I store your telephone number in a mobile phone along with any text messages to/from you. Your name is not used and numbers are stored under a client code. This phone is password protected and stored in a locked filing cabinet when not in use.

e) Payment information:

I ask clients to pay via bank transfer using their initials as the reference. I keep a record of payments in a password protected document using an anonymised client code.

f) Website:

I run a website, https://www.laurasimmondstherapy.uk, to provide information about my services and contact details. I collect minimal data in order to provide counselling service and information to potential clients - name, email address and contact message. The website displays a cookie banner so visitors can opt in or out of cookies being stored on their device. The activity log is disabled so visitors IP address and other personal data is not collected.

On the website, my Privacy Policy is available to view explaining what data I collect, how its stored and your rights over your data.
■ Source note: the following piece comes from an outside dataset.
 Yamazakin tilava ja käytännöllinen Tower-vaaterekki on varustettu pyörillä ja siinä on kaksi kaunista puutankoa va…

The link can be found in the footer and on the 'How therapy works' page.

4. Your rights over your personal data

4.1 You have the right to see your personal data and you can ask for your records to be updated at any time. You can also request that your data be erased. If so, I’ll securely destroy all notes, assessment forms and correspondence within 14 days of your request. I will keep your basic contact information along with dates of when our sessions took place for up to 5 years from the end of our work, in order to meet my professional obligations. For children and young people, I will keep your records for 5 years from your 18th Birthday.
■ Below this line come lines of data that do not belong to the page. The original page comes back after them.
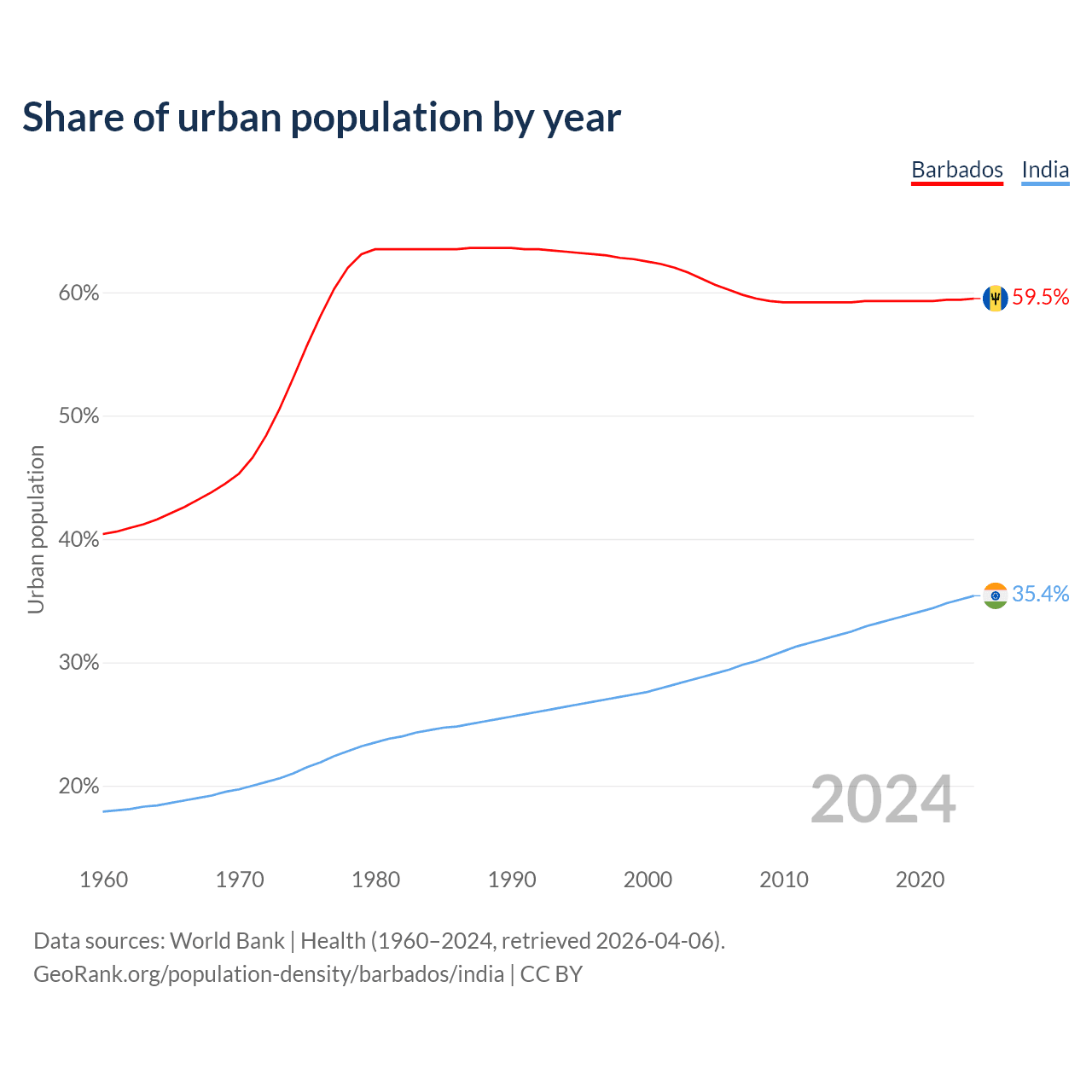 From 2004 to 2024, the share of urban population changed from 61.1% to 59.5% in Barbados and from 28.8% to 35.4% in India.
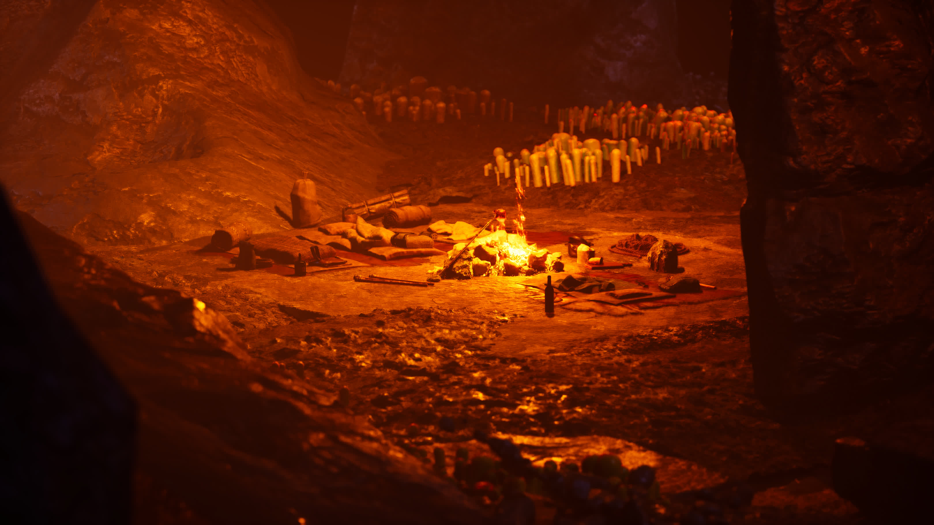 A cave camp, ready to dry your weary bones and not get ambushed.
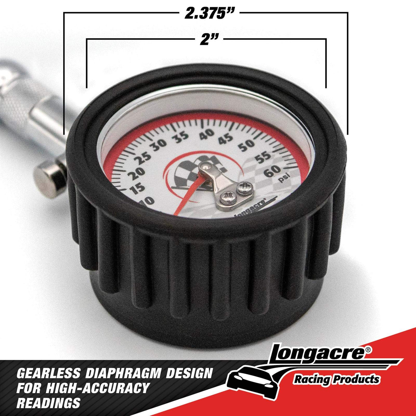 Q: What is the maximum pressure reading for the Longacre tire pressure gauge?A: The Longacre 52-52005 tire pressure gauge can measure up to 60 PSI, making it suitable for a variety of vehicles.

In order to provide therapeutic counselling to you in a safe way, I need to keep information like your assessment form and session notes. If you do not agree to me keeping this information, or if you request I destroy your notes while we’re still meeting for therapy sessions, I will no longer be able to provide counselling and our work will come to an end.

If you would like to see the information I hold about you, or would like to correct, update or delete any records, please email me at laura@laurasimmondstherapy.uk.
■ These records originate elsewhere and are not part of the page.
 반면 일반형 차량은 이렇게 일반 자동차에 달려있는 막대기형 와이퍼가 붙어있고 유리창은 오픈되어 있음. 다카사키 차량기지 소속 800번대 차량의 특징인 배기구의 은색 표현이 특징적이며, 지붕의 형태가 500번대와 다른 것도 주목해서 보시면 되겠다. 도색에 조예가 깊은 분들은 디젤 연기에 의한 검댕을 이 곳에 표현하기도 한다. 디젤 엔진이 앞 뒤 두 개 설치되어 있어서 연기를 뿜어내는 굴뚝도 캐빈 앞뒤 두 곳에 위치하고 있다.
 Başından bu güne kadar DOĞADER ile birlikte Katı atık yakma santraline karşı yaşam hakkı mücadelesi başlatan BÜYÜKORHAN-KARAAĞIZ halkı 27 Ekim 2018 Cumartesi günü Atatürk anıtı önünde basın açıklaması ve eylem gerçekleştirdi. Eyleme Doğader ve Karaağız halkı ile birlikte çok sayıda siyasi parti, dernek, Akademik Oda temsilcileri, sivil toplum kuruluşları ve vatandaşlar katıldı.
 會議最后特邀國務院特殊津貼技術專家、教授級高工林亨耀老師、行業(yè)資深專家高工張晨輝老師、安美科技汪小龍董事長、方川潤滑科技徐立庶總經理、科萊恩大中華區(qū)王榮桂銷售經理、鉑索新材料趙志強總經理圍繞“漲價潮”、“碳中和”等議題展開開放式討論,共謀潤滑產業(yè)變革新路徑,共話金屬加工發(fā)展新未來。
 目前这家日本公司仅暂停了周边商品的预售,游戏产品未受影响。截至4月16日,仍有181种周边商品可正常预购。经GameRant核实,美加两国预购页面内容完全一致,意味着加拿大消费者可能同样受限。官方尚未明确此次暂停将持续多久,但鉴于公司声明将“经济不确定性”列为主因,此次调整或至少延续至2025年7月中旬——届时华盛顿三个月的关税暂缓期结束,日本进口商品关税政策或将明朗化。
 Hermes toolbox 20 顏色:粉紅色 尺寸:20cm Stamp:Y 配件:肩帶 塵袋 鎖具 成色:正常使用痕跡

If you have any concerns about my use of your data, please contact me directly at laura@laurasimmondstherapy.uk. I will do my utmost to resolve any concerns you have. If for any reason I cannot resolve the issues you may choose to contact the ICO directly.

5. How long I store your data and deleting your data

5.1 Unless you’ve otherwise requested, I will keep your data for a maximum period of 5 years, in order to meet my professional obligations. After 5 years has elapsed from the end of our work together (or 5 years from the client turning 18 years old, if the client is under 18 at the time of working together), I will delete and/or destroy your assessment form, client notes, all correspondence and contact information. I will keep date/ times of our sessions along with your anonymised client code.

6. What happens if there is a data breach

6.1 If there is ever a data breach, I will immediately investigate what happened and clarify who has been affected and to what extent. If you’ve been affected, I’ll let you know what’s happened as soon as possible, and explain what action I’m taking to limit and repair any harm. I’ll also notify my supervisor, the BACP and the ICO as well.

7. Disclaimer

In order to provide counselling in a safe and confidential way, I use a range of online platforms and software provided by third parties. These include but are not limited to Apple, Zoom, Google Workspace, Squarespace, Intego Anti-Virus Software, BT Broadband (internet service provider), and Vodaphone (mobile service provider).

I will do my utmost to offer the highest standard of confidentiality. I regularly carry out due diligence checks to make sure these pieces of software and online platforms are secure, at the time of working with you. However, I cannot guarantee that these third party providers are 100% secure as I do not have control over them. I disclaim any responsibility should something happen to any of them, which compromises your safety and security.